In order to receive this clickstream data, you need to embed some tracking software into your website that collects the clickstream events and forwards it to you for analysis. These tags are typically small pieces of JavaScript that capture user behavior at the individual level using personally identifiable data such as IP addresses and cookies. Every time a user clicks on a tagged website, the tracking software detects the event and forwards that information in JSON format to a collection endpoint via an HTTP POST request.

An example of such a JSON object generated by such a tracking library is shown below in Listing 1. As you can see, these clickstream events can contain a lot of information that needs to be aggregated, filtered, and enriched before it can be consumed for generating insights.

{
   "app_id":"gottaeat.com",
   "platform":"web",
   "collector_tstamp":"2021-08-17T23:46:46.818Z",
   "dvce_created_tstamp":"2021-08-17T23:46:45.894Z",
   "event":"page_view",
   "event_id":"933b4974-ffbd-11eb-9a03-0242ac130003",
   "user_ipaddress":"206.10.136.123",
   "domain_userid":"8bf27e62-ffbd-11eb-9a03-0242ac130003",
   "session_id":"7",
   "page_url":"http://gottaeat.com/menu/shinjuku-ramen/zNiq_Q8-TaCZij1Prj9GGA"
   ...
}

Listing 1: An example clickstream event containing personally identifiable information.

There can be potentially hundreds of active JavaScript trackers at any given time, each of which are collecting the clickstream events for an individual visitor on the company’s website.
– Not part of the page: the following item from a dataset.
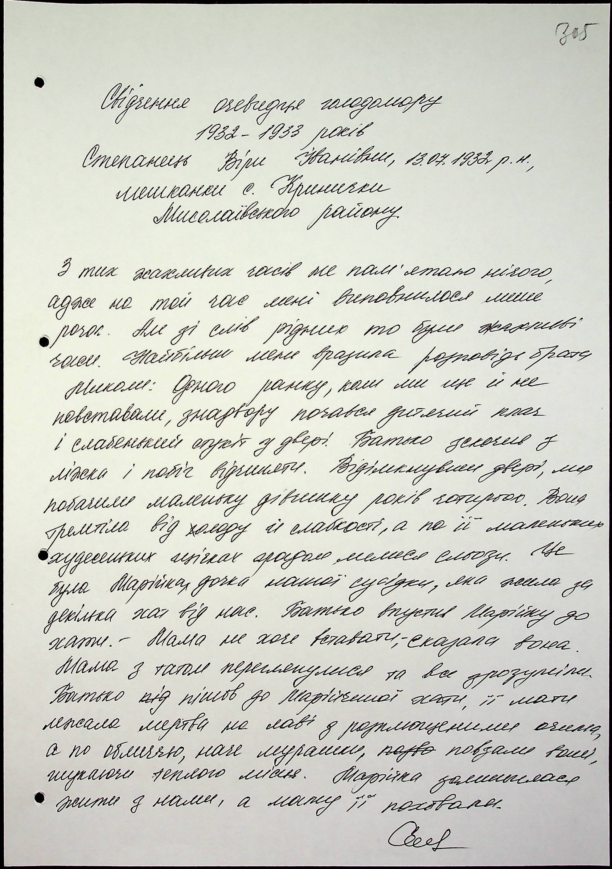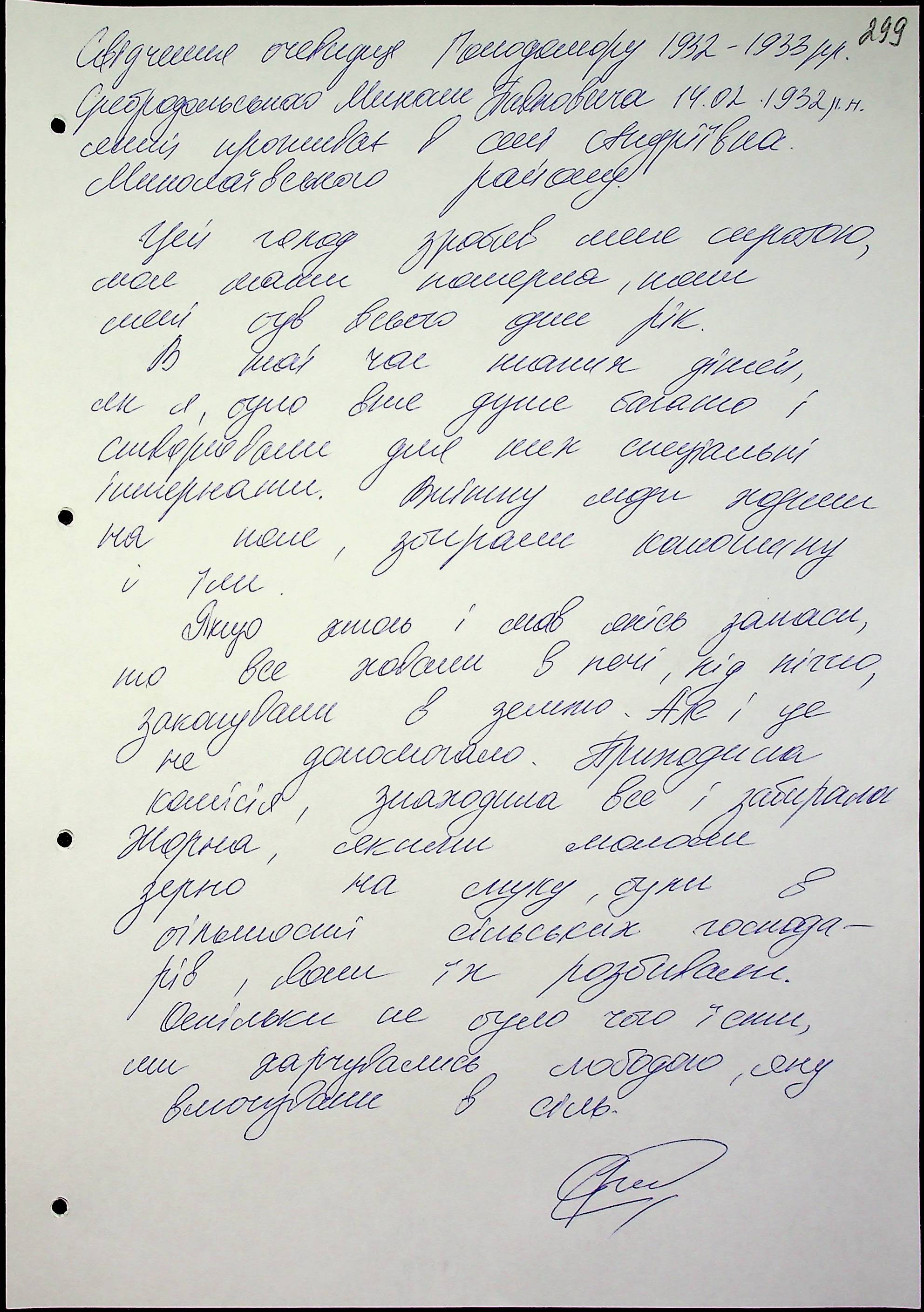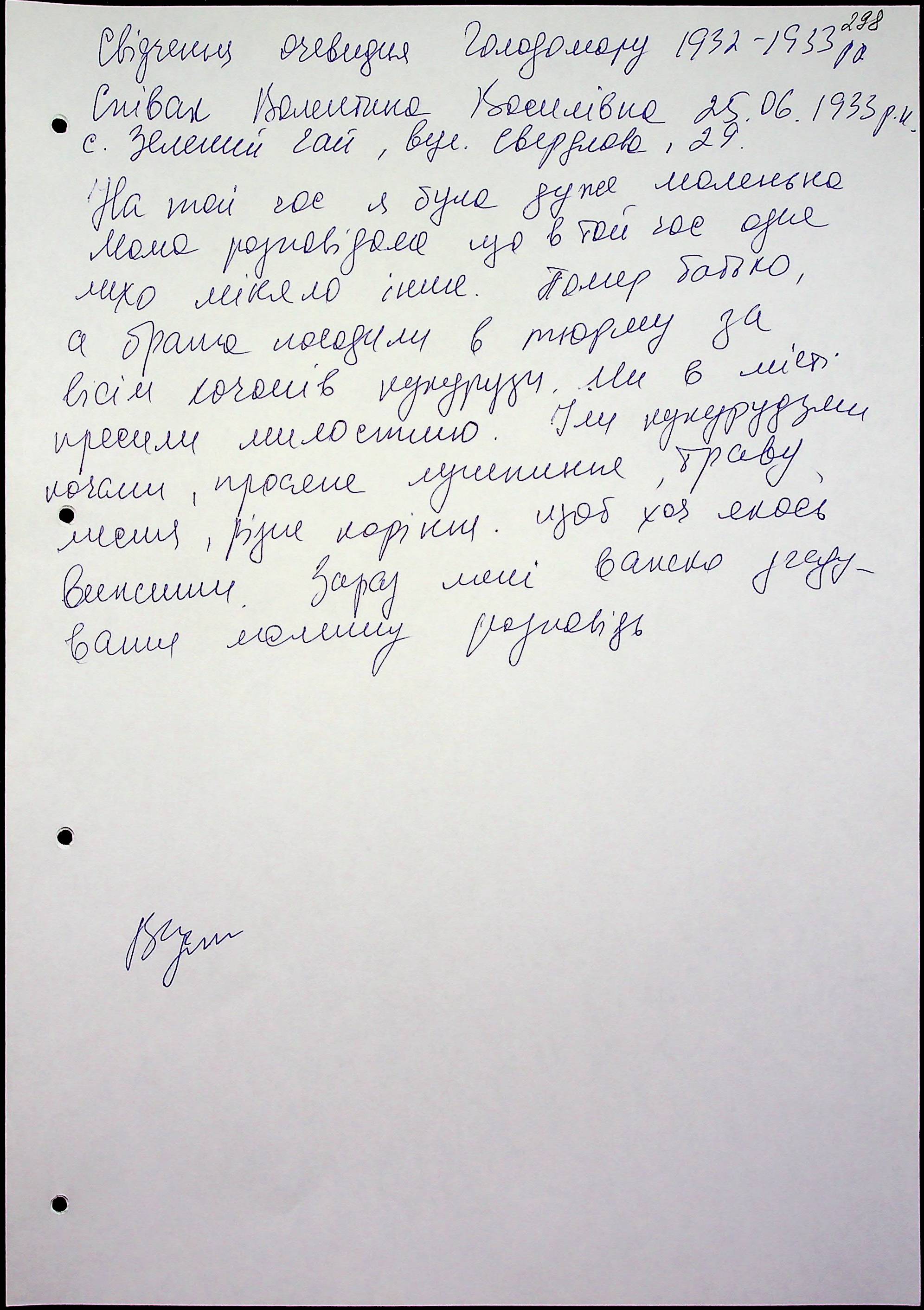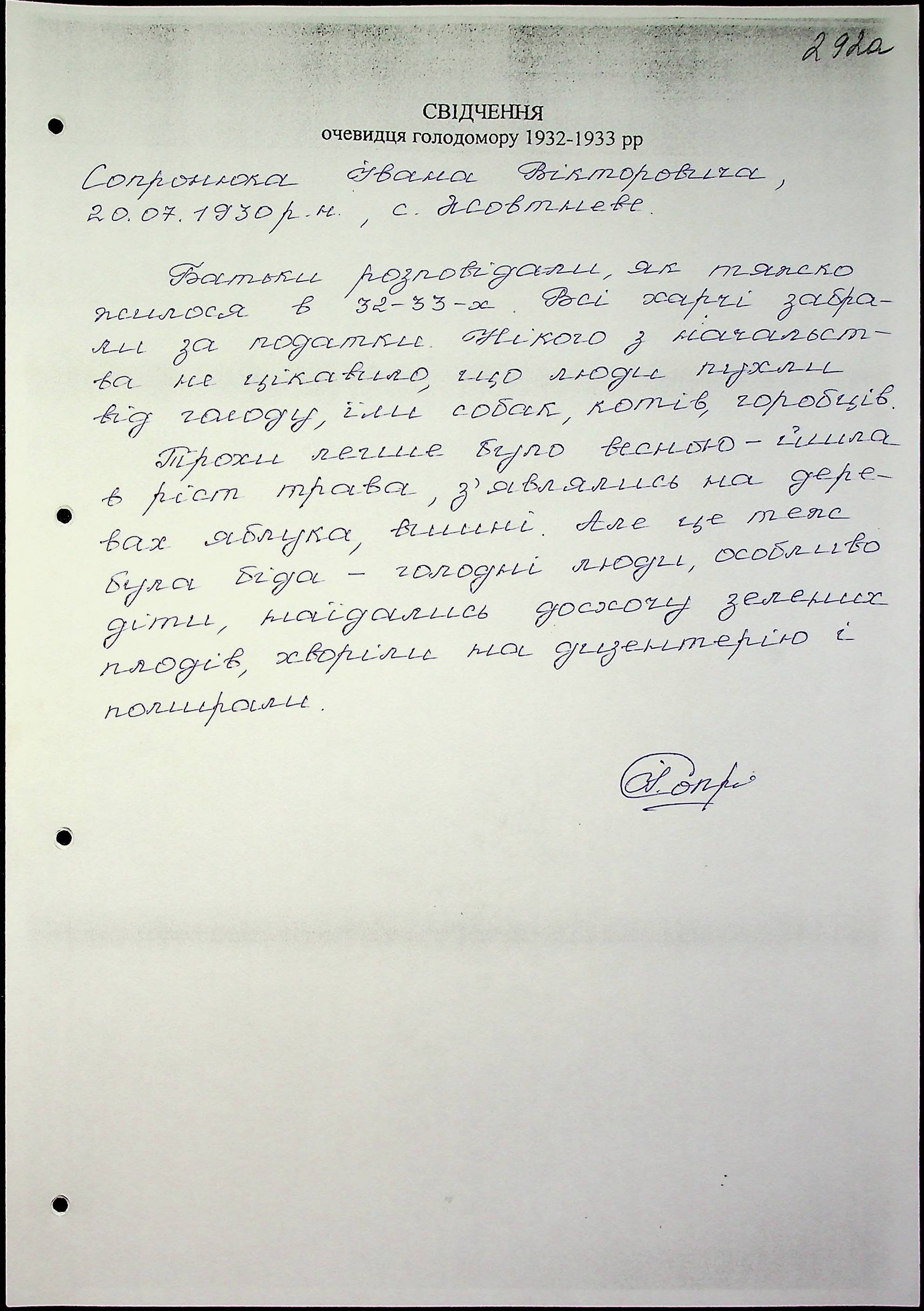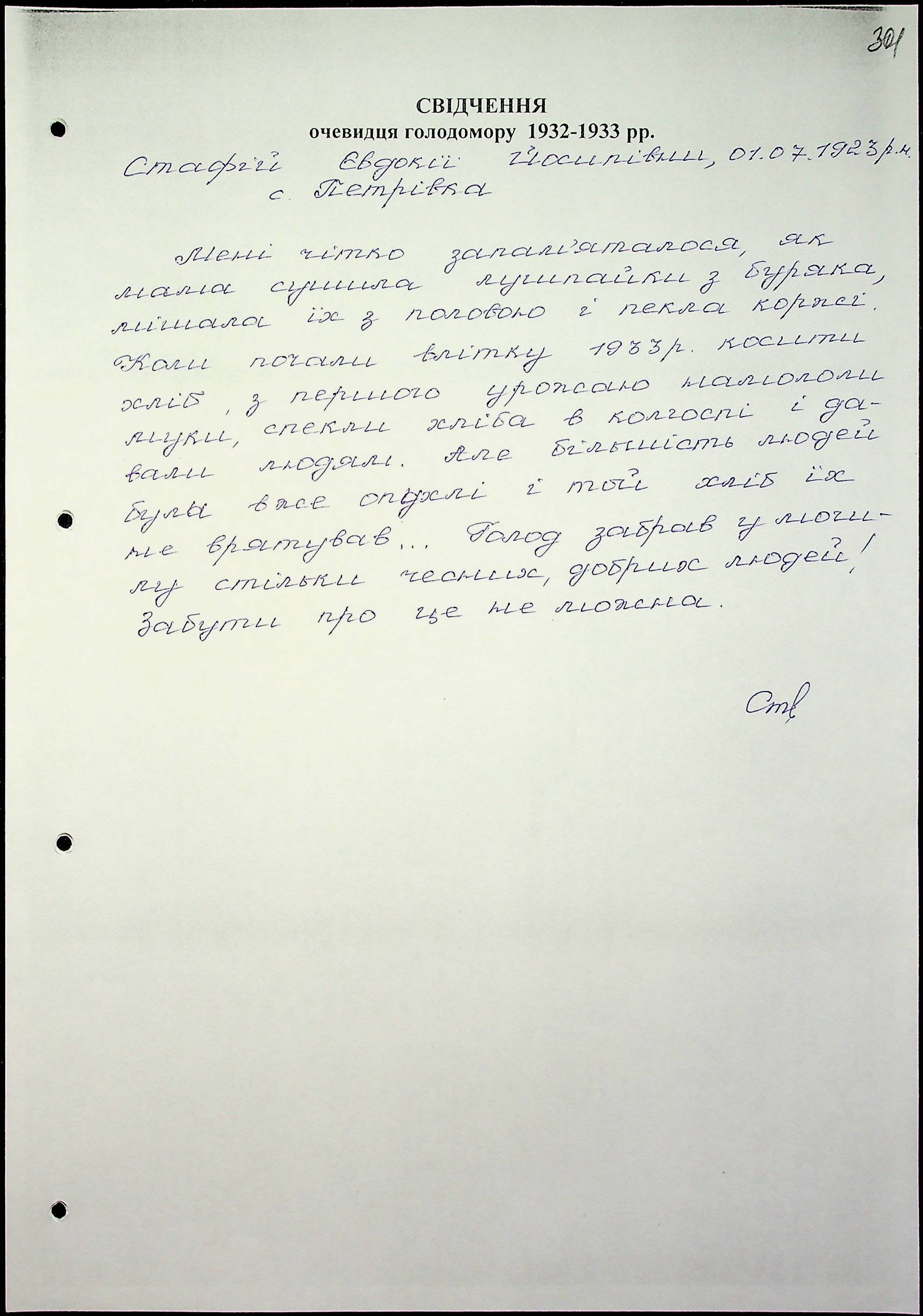 • • • • Справа № 50 “Свідчення очевидців Голодомору 1932-1933 років, які проживають у Миколаївському районі, з прізвищами на літери П–С”

These events are forwarded to a single tag collector that publishes them directly into a Pulsar topic.

Figure 6: The trackers collect the clickstream event for a single user and forward them to a single collector. This results in the data from multiple users getting interwoven inside the topic, since the events are published as soon as they are received.
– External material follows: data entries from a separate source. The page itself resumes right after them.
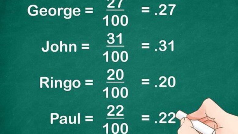 Calculate the ratio of each category. To find a ratio, place the number of responses a particular category received over the number of data points. Turn this into a percentage by dividing the numerator by the denominator. For example, you might have found the following data from your survey:Who is your favorite Beatle? George = 27 100 = .27 {\displaystyle {\text{George}}={\frac {27}{100}}=.27} {\text{George}}={\frac {27}{100}}=.27 John = 31 100 = .31 {\displaystyle {\text{John}}={\frac {31}{100}}=.31} {\text{John}}={\frac {31}{100}}=.31 Ringo = 20 100 = .20 {\displaystyle {\text{Ringo}}={\frac {20}{100}}=.20} {\text{Ringo}}={\frac {20}{100}}=.20 Paul = 22 100 = .22 {\displaystyle {\text{Paul}}={\frac {22}{100}}=.22} {\text{Paul}}={\frac {22}{100}}=.22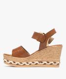 Sandales femme compensées avec bride cheville striée marron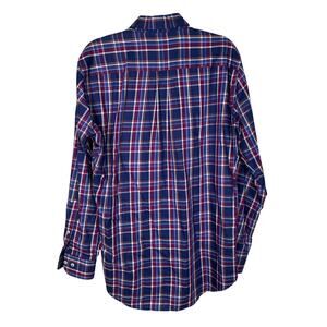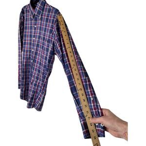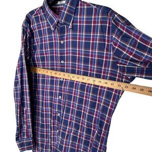 Peter Millar Mens M Plaid Long Sleeve Button Up Dress Shirt 100% Cotton Navy Red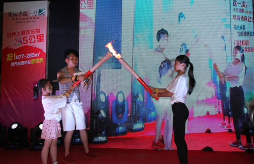 一段動(dòng)力活潑的健身舞拉開了活動(dòng)的序幕,身材火辣的機(jī)車寶貝秀更是將活動(dòng)一次次帶向高潮!代表著廣州總部的小小火炬手出現(xiàn)了,手握著從廣州傳遞的火炬緩緩地走向舞臺(tái)點(diǎn)燃“梅州”,宣布“奧”運(yùn)會(huì)梅州站正式啟幕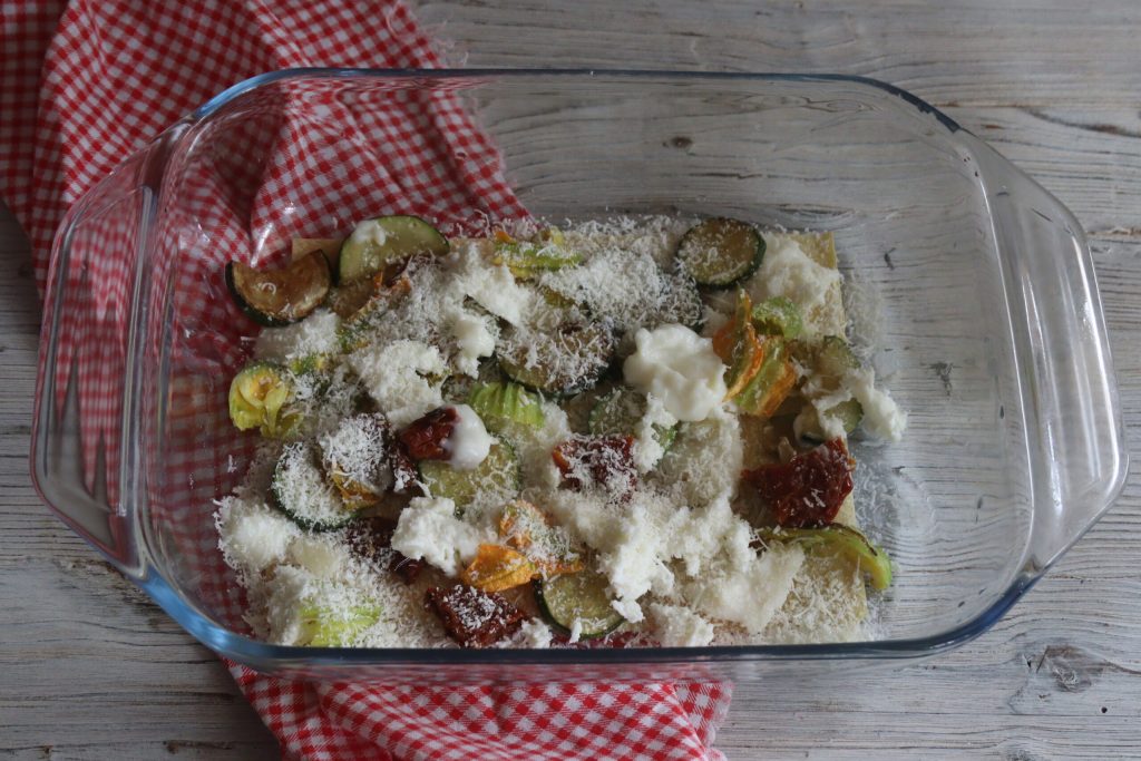 Lasagne met courgettebloemen en gedroogde tomaten, het laatste staartje van de zomer heet “lasagne met courgettebloemen en gedroogde tomaten”. We verwelkomen de herfst met dit geweldige eerste gerecht. De laatste courgettes evenals de laatste courgettebloemen, terwijl we de gedroogde tomaten het hele jaar door vinden omdat we ze in augustus hebben voorbereid. Met deze lekkernij beloof ik dat je de Bolognese lasagne niet zult missen, ook al staat het op de vierde plaats van de favoriete Italiaanse eerste gerechten van buitenlanders, namelijk lasagne. Een gerecht dat door iedereen geliefd is en niet noodzakelijk met vleesragout. Hieronder vind je enkele van mijn eenvoudige recepten om lasagnes op verschillende manieren te bereiden met veel seizoensgebonden en voornamelijk plantaardige ingrediënten.

As you can see from Figure 6, since these JavaScript tags don’t coordinate with one another, the clickstream data from multiple users ends up getting intermingled within your Pulsar topic. This poses a big problem because we can only perform behavioral analytics on an individual user’s clickstream.

Identity Stitching

In order to properly analyze the data, the raw clickstream events first need to be grouped together for each individual user to ensure that we have a complete picture of their interactions in the order they occurred. This process of reconstructing each user's clickstream from the commingled data is known as identity stitching. It is done by correlating clickstream events together based upon as many of a user’s unique identifiers as possible.
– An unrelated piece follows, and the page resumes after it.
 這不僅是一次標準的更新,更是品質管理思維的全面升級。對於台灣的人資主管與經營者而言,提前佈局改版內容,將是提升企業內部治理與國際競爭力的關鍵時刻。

This is a perfect use case for the Key_Shared subscription because you need to process each individual user's complete stream of events in the order they occurred, so you need stream data processing semantics. At the same time, you also need to scale out this processing to match the traffic on your company website. As we shall see, Pulsar’s Key_Shared subscription allows you to do both.

In order to reconstitute each user's clickstream, we will use the domain_userid field inside the clickstream event, which is a unique identifier generated by the JavaScript tag. This field is a randomly generated universally unique identifier (UUID) that uniquely identifies each user. Therefore we know that all clickstream events with the same domain_userid value belong to the same user. As you shall see, we will use this value to have Pulsar’s Key_Shared subscription to group all of the user’s events together for us.

Implementation

In order to perform behavioral analytics we need to have a complete picture of the user's interaction with our website. Therefore we need to ensure that we are grouping all of the clicks for an individual user together and delivering them to the same consumer. As we discussed in the last section, the domain_userid field inside each clickstream event contains a user’s unique identifier. By using this value as the message key we are guaranteed to have all of the same user’s events delivered to the same consumer when we use a Key_Shared subscription.

Data Enrichment

The JSON objects collected from the JavaScript tags and forwarded by the tag collector only contain raw JSON bytes (the key field is empty). Therefore, in order to utilize the Key_Shared subscription, we first need to enrich these messages by populating the message key with the value of the domain_userid field inside each JSON object.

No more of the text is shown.